National AIDS Trust
- Registration no.: 297977
- Revenue: £1,390,688 (2024)
- Staff: 20 (2024)
- Website: nat.org.uk

= National AIDS Trust =

British HIV/AIDS charity

The National AIDS Trust is a United Kingdom charity "which specialises in achieving the best policy for
treatment and prevention of HIV and AIDS". The Trust describes using its "expertise, research and advocacy [to] secure lasting change" for those affected by HIV.

The charity's key strategic goals are:
- to stop new HIV infections
- to champion the needs of people whose voices and experiences are too often ignored
- to protect the rights of everyone living with and at risk of HIV
- to drive engagement and activism to change attitudes to HIV

== Founding ==
The National AIDS Trust was founded October 1987 as a non-government organisation (NGO) by the UK's Department of Health, in order to deal with the escalating concern with HIV and AIDS nationally. It was funded with £500,000 of UK government money, with a matching charitable donation from Robert Maxwell arriving after some time. Its founding chair was Michael Adler, with Margaret Jay as its founding director, selected via the Medical Research Council with the encouragement of Virginia Bottomley.

Diana, Princess of Wales made a significant contribution to National AIDS Trust in her role as patron from 1991 to 1997. National AIDS Trust was one of only six charities that she formally supported at the time of her death, four as patron and two as president.

== Activities ==
Today, the Trust's funding comes from public donations, corporate supporters, grant-making trusts and foundations, and its own fundraising work – it doesn't receive funding from the UK Government. National AIDS Trust is a policy and campaigning charity, working to improve the national response to HIV through policy development, expertise and the provision of practical resources rather than through offering direct support services to people living with HIV.

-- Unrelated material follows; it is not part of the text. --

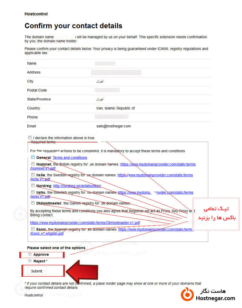 پس از کلیک بر روی لینک موجود درایمیل در صفحه ای که باز می شود تیک گزینه های مشخص شده را بزنید و در پایان بر روی دکمه ی Submit کلیک نمایید.

Some recent National AIDS Trust successes include:
- After a seven-year campaign, National AIDS Trust secured free HIV treatment in England
- National AIDS Trust brought together a coalition of charities to end the use of pre-employment health questionnaires before the offer of a job is made, through the Equality Act 2010.
- National AIDS Trust were instrumental in securing and participating in the review which led to an overturn of the lifetime ban on gay men donating blood.
- National AIDS Trust influenced Home Office policy so that asylum seekers living with HIV who need help with accommodation will not routinely be 'dispersed' away from the area where they are attending an HIV clinic.
- The Government has announced an end to the absolute ban on HIV positive healthcare workers from doing jobs which involve 'exposure prone procedures' (e.g. dentistry, surgery). From early 2014, it will be possible for people living with HIV to work in these professions, provided they are on effective treatment with a non-detectable viral load and are monitored every three months. NAT has been calling for this change for a number of years – and we were the only charity on the expert working group which made the recommendation to change the rules, based on the most recent scientific evidence.
- National AIDS Trust lobbied the NHS to consider immediate treatment for those diagnosed with HIV because those who are on treatment suppress their viral load and cannot pass HIV on. The policy was changed, which was a contributing factor in historic drops in HIV diagnoses.
- In a much-publicised case, National AIDS Trust challenged NHS England in court over their failure to consider providing the HIV prevention drug PrEP. In 2016, NAT won their case in the High Court and won a later appeal, resulting in the IMPACT trial, which will benefit at least 10,000 at-risk patients in England. The battle for PrEP was the topic of BBC Two documentary 'The People Vs The NHS: Who Gets The Drugs?' in July 2018.
- The Trust contributed to the HIV Commission, with the goal of ending new HIV transmission in England by 2030

The National AIDS Trust is a small charity with one office found in Bethnal Green in London, and maintains a permanent staff of fewer than 20 people, and a pool of volunteers. The current chief executive as of 2024 is Robbie Currie.

An important recurring role of NAT is the annual hosting of the World AIDS Day website. National AIDS Trust develops resources each year to enable other HIV organisations to maximise the impact of World AIDS Day in the UK, which is 1 December.

National AIDS Trust is an independent charity with a board of trustees, who are responsible for the governance and direction which the charity takes. The chair of the Board since 2016 has been Professor Jane Anderson, CBE.